Said S Srinivasa Raghavan, vice-president and head of treasury at IDBI Gilts, There has been an inflow of Rs 15,000 crore into the system and so liquidity has eased a bit. We expect it to remain this way for a week but government borrowings could bring back the pressure and, therefore, bond yields to touch 7.80% soon.
Indeed, money is poised out of the market with the government looking to mop up Rs 15,000 crore later in the week through auctions; in all it could suck out almost Rs 50,000 crore before August end. And that could leave the system short by about Rs 20,000-30,000 crore. On Wednesday, banks borrowed Rs 2,255 crore from the RBI though they parked Rs 5,775 crore with the central bank's reverse repo window.
RK Gurumurthy, trading head at ING Vysya Bank, points out that money could flow in later as banks get back money from the government, as and when bonds matures, and also it starts spending on projects. So the shortfall may reduce and over the next couple of months, money supply will be moderated till the central bank is comfortable with inflation levels, he explains. The RBI has made it clear that it wants to actively manage liquidity to ensure that it remains broadly in balance and that excess liquidity does not dilute the effectiveness of policy rate actions.

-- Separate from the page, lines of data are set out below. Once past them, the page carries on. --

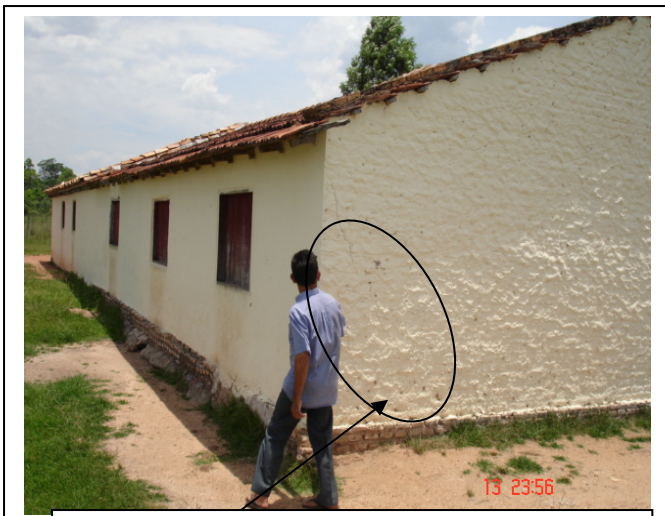
Fachada posterior Escuela Jhugua Guazú. Detalle de fisuras por asiento de base fundación.

Durante la verificación In situ a los diferentes emprendimientos encarados por la Municipalidad a instancias de Comisiones Civiles, se detectaron que algunas obras presentan vicios de obra, así como edificaciones sin terminación plena de sus rubros de obra constitutivos.
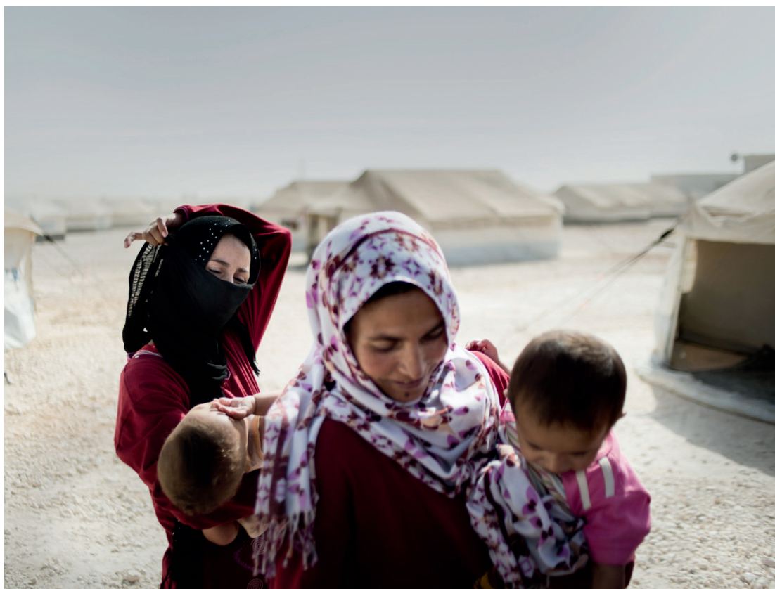
Familie netop ankommet i Zaatari flygtningelejr i Jordan, hvor omkring 80.000 syrere lever.

Fred og sikkerhed samt udfordringerne for lande ramt af konflikt og skrøbelighed står centralt i verdensmålene. Det gælder først og fremmest verdensmål 16 (fred, retfærdighed og institutioner), som vil stå centralt i det danske engagement. Derudover prioriterer vi i og omkring skrøbelige lande og situationer mål 1 (fattigdom), mål 2 (sult) og mål 8 (vækst og beskæftigelse). Vi fremmer også andre mål, bl.a. på det sociale område mål 4 (uddannelse) og mål 5 (ligestilling) gennem vores multilaterale indsatser og civilsamfundssamarbejdet.
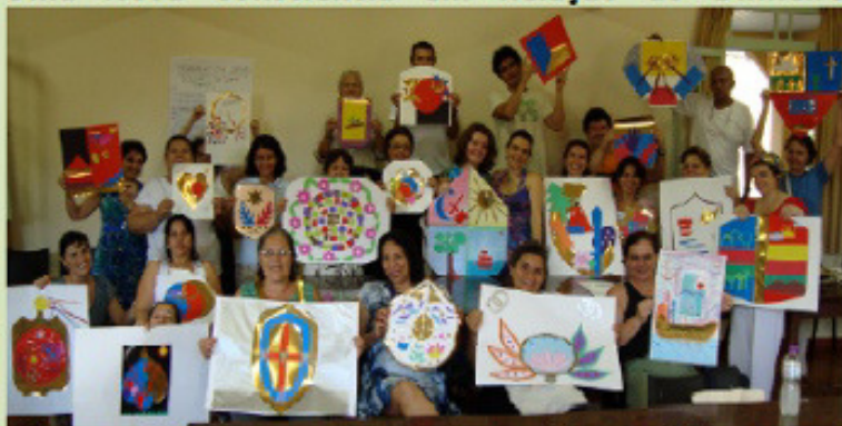
Atividade Artística do Workshop: “O Brasão da Família”. Seminário da Floresta, Juiz de Fora, MG, Março de 2010.
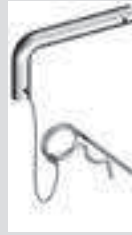
Geländer-Sicherung für Nr. 1330 aus Stahl. Zum Sichern der Doppel-Geländer mit der Geländer- befestigung. Gew. 0,1 kg.
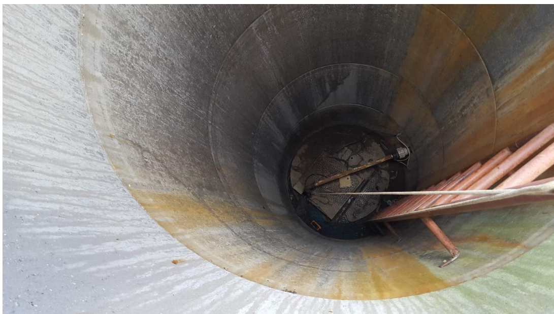
Billede 3 Perkolatbrønden – Tilsynsførende kunne ikke høre at pumpen var aktiv. Pumpen burde starte automatisk, når vandstanden når en indstillet højde.
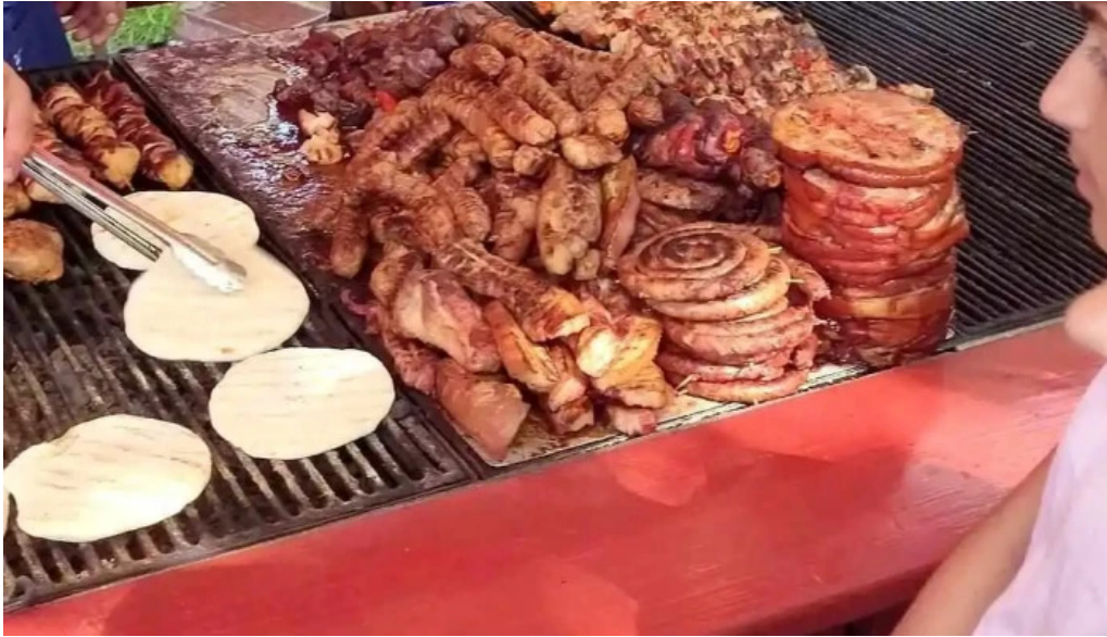
Comuna barbulesti videoclipuri

Meanwhile, the one-year overnight indexed swap, which was trading at at 4.77% in early May 2010, has moved up to 6.20% on Wednesday, with the rise in interest rates. Joydeep Sen, SVP, fixed income(advisory), BNP Paribas Wealth Management, says, The market is reconciled to the idea that interest rates are going to move up over the next year or so and that it could result in a sharp spike in the one-year overnight indexed swap levels.